▸ **Exercise aim**:
Restate word for word the lines between the start of the material and the line with "市販のアンクルウォーマーに編み付けてレッグウォーマーにしました。", keeping both of those ends and none of the pictures.

▸ **Given records**:
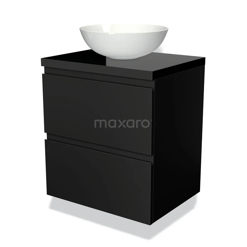 Modulo Plato Badmöbel mit Aufsatzwaschbecken | 60 cm Matt Schwarz Grifflos front Hochglanz Schwarz blatt 2 übereinanderliegende Schubladen
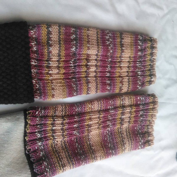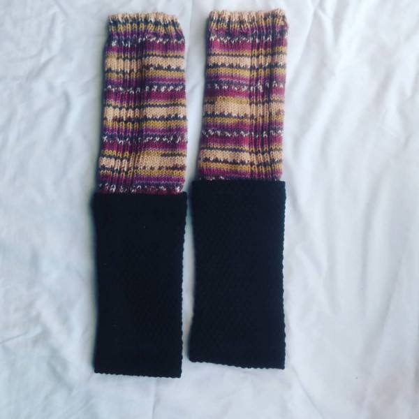 市販のアンクルウォーマーに編み付けてレッグウォーマーにしました。
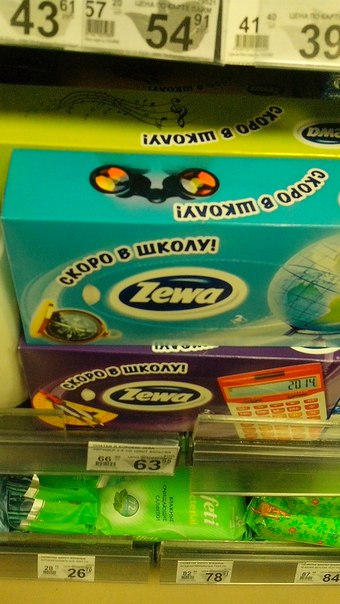 Вот чем руководствовался тот человек, который придумал поместить лозунг «Скоро в школу» на объемистую коробку… с носовыми платками?? «Скоро в школу – вот тут ты у меня наплачешься!»?
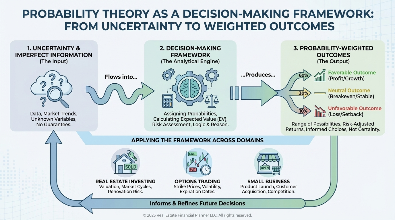 An overview of probability theory as a practical decision-making framework for real estate investors, stock and options traders, and small business owners who operate under uncertainty.
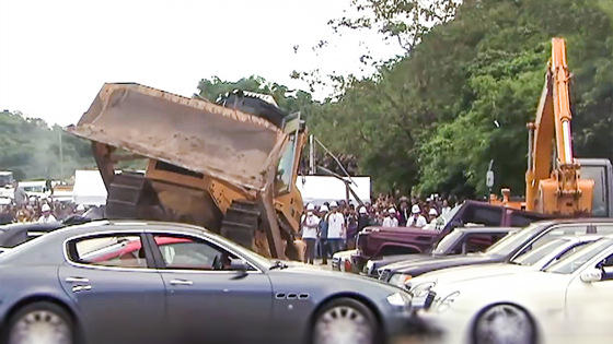 Cреди них были Maserati Quattroporte, BMW B12 Alpina, Porsche 911 GT3, BMW Z1, Opel Manta, Renault R5 и двухдверный Mercedes-Benz G-Wagen. Общая стоимость машин составила полмиллиона долларов. Президента упрекнули в бессмысленной трате денег, однако он заявил, что демонстративное уничтожение покажет решимость властей Филиппин в борьбе с контрабандой. Кстати, по данным СМИ, на очереди еще 841 автомобиль. Крепитесь.
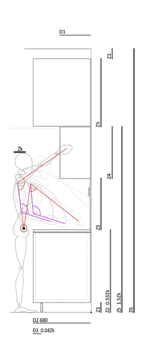 Схема полезного объема кухни.
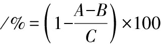 式中:A,0.5 mL样品液加上1 mL DPPH自由基溶液的吸光度值;B,0.5 mL样品液加上1 mL乙醇的吸光度值;C,0.5 mL乙醇加上1 mL DPPH自由基溶液的吸光度值。

▸ **Response area**:
 Modulo Plato Badmöbel mit Aufsatzwaschbecken | 60 cm Matt Schwarz Grifflos front Hochglanz Schwarz blatt 2 übereinanderliegende Schubladen
 市販のアンクルウォーマーに編み付けてレッグウォーマーにしました。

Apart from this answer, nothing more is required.